Ma Zehua, the man who replaced Wei Jiafu as chairman and party secretary for China Cosco Holdings in 2013 when the charismatic executive quit unexpectedly, stepped down Thursday as chairman of the mainland’s largest carrier.

He will be succeeded by non-executive director Wan Min, China Cosco said in a filing to the Hong Kong Exchange. The company announcement said 63-year-old Ma was resigning “due to change of work positions.”

Listed Chinese companies are sensitive about movements of their top executives as the corruption crackdown on the mainland continues to ensnare high profile management, with the result that Ma’s resignation announcement was accompanied by the following clarification.

“Mr. Ma Zehua has confirmed that he has no disagreement with the board, and there is no other matter in respect of his resignation that needs to be brought to the attention of the shareholders of the company.”

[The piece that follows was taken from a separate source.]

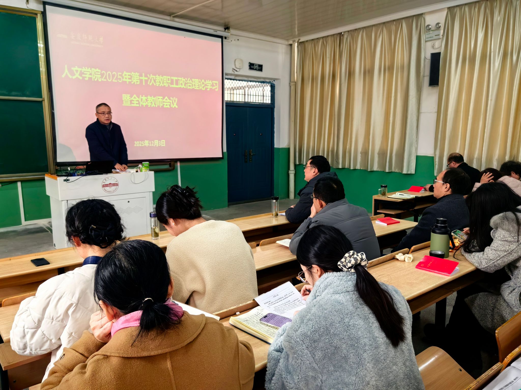 学院党委书记王波向全体教职工开展了党的二十届四中全会精神宣讲,宣讲聚焦繁荣发展社会主义文化。会议要求,全体教师要立足文化强国战略部署,深挖安徽长江文化、黄梅戏文化等地域特色资源,推动文化传承与学术研究、人才培养深度融合,以学科优势赋能地方文化事业与产业协同发展,为中国式现代化安徽篇章注入人文力量。

But whatever the reason, Ma is hitting the gangplank just as Cosco and China Shipping begin to merge in a process that is expected to take most of the year. Unravelling the complex web of listed entities in Hong Kong and Shanghai and other businesses and sectors will take all the creative genius the State-Owned Asset Supervision and Administration Commission  can muster.

Leading the merged entity that will be named China Cosco Shipping Group— and presumably directing the merger process itself — will be China Shipping Group’s chairman, Xu Lirong. As chairman of the new outfit, Xu will preside over a series of asset swaps with a bag-shaking change of focus of some business units.

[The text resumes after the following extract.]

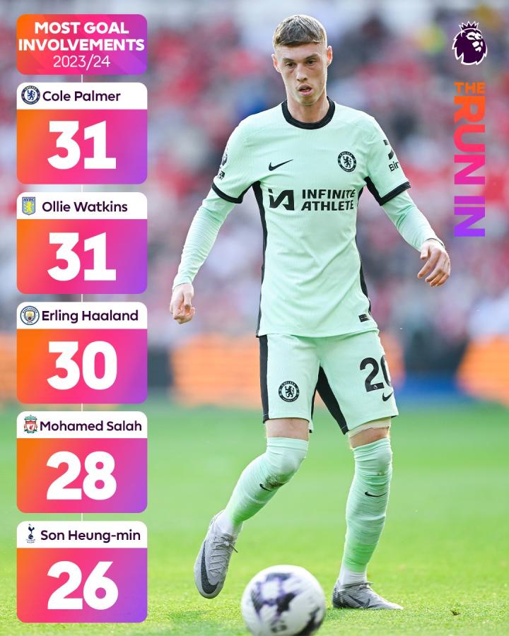 本赛季英超参与进球榜:帕尔默、沃特金斯31球并列第一

The biggest surprise was China Shipping Container Lines exiting the container shipping business. CSCL will become a ship leasing specialist and China Cosco will take over over all box transportation. It is difficult to imagine anywhere else in the world where a Top 10 container shipping line could be converted to a ship leasing and finance company.

It is being billed as consolidation, but the merger of the container divisions of China’s two largest carriers will not take any of the surplus capacity out of the market, merely packaging the two fleets under one name. What it will do is cause significant disruption to the alliance structures under which most container lines in the industry operate.

CSCL belongs to the O3 Alliance while Cosco is with the CKYHE. Combine that with O3’s CMA CGM buying G6 Alliance unit APL (via Neptuen Orient LInes), and you have three of the four alliances that have some serious issues to tackle.

The Cosco-China Shipping merger will create the fourth-largest liner globally, with a market share of 7.8 percent. According to Drewry, it will allow the group to play catch up with Maersk and Mediterranean Shipping Co. at the top of the size rankings and will further concentrate control of the global fleet among the leading few carriers. The new Top 5 container lines will control around 55 percent of the active fleet and orderbook as they currently stand.

Under the new entity, container terminal operator Cosco Pacific keeps doing what it has always done, i.e. continue to focus on port investments and operations, becoming the world’s second-largest in throughput terms.

But it is not all about boxes. China Shipping Development, the former bulk division, will focus on tanker and LNG transport while offloading its loss-making dry bulk business to China Cosco Group and acquiring a Dalian tanker subsidiary.